Like Ellsberg, those officials who oppose U.S. support for Israel will be a lonely minority. Most U.S. policymakers, still reeling from the genuine horror of the Hamas attacks on October 7, are convinced that Israel is fighting a just war. But for both sides, the mask is off. The notion that America is a great liberator of the Muslim masses cannot hold. The question is whether those policymakers will adjust their position — or simply blame the Muslims.
Geoffrey Cain, an expert on China’s suppression of Uyghur Muslims, has been publicly trying to sabotage his refugee friends’ asylum applications.

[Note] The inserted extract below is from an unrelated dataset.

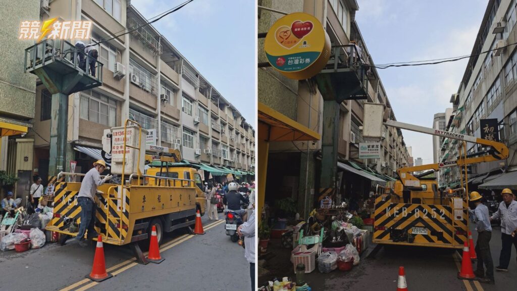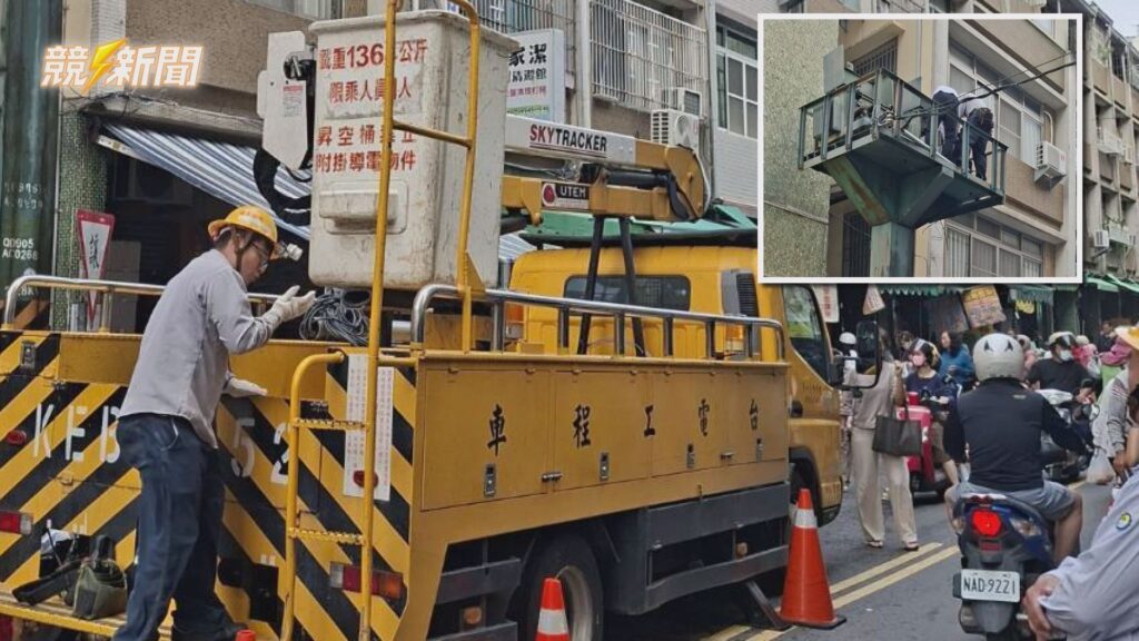 台電工程車於前金區傳統市場周邊展開搶修,因巷弄狹小且正值營業時段,增加大型車輛定位難度。(圖:記者李佳龍/翻攝)

Cain was apparently so shocked by some Uyghurs believing in Palestine “from the river to the sea” that he reported the “terrorist” sympathizers to the FBI “for special review and deportation proceedings” and denounced them on social media. Ellsberg and Paul realized that America was not helping the natives; Cain tried to punish the natives for resenting America.
“I find that my generation (USA millennials, especially those in the professional class) is far too optimistic about ‘mask off’ moments,” the journalist Vincent Bevins had quipped several years ago. “Traditionally what happens when a murderer's mask falls off is that he continues to kill you.”
HuffPost, the newspaper that had broken the news of Paul’s resignation from the State Department, reports that many other U.S. officials — especially Muslim-Americans — are increasingly uneasy themselves. There is a “mutiny brewing” among State Department officials, and hundreds of congressional staffers have also signed a secret petition to call for a ceasefire. These voices may yet prove Bevins wrong.